BRIEF – Everything from the line that holds "余敏明、陈敏代表双方单位签订" through the end of the listing below must be retyped word for word, without any pictures.
** DATA EXTRACT follows **
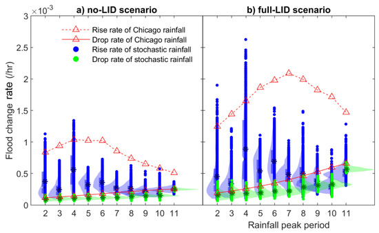 Rise and drop rates of flood time series in (a) no- and (b) full-LID scenarios under Chicago and stochastic precipitation events. * represents the median.
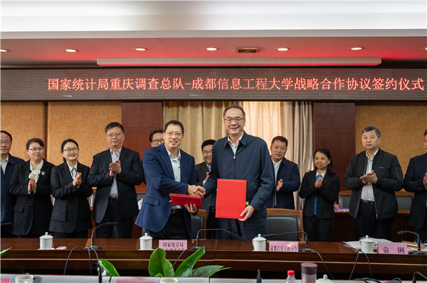 余敏明、陈敏代表双方单位签订了战略合作协议。国家统计局重庆调查总队副总队长李涛明、一级巡视员陈清明、二级巡视员袁俐,我校副校长于世祥、舒红平以及相关部门负责人见证了战略合作协议签约。
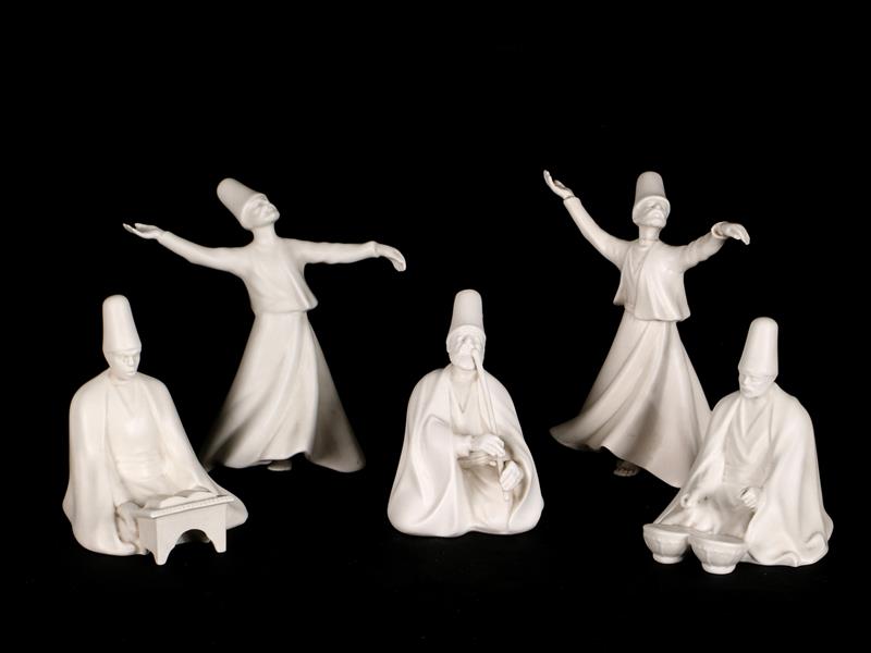 SÜMERBANK İMALAT DAMGALI. MEVLEVİ MÜZİSYENLER VE SEMAZENLER. H 13-18 CM.
** End of DATA EXTRACT **
TASK OUTPUT –
 余敏明、陈敏代表双方单位签订了战略合作协议。国家统计局重庆调查总队副总队长李涛明、一级巡视员陈清明、二级巡视员袁俐,我校副校长于世祥、舒红平以及相关部门负责人见证了战略合作协议签约。
 SÜMERBANK İMALAT DAMGALI. MEVLEVİ MÜZİSYENLER VE SEMAZENLER. H 13-18 CM.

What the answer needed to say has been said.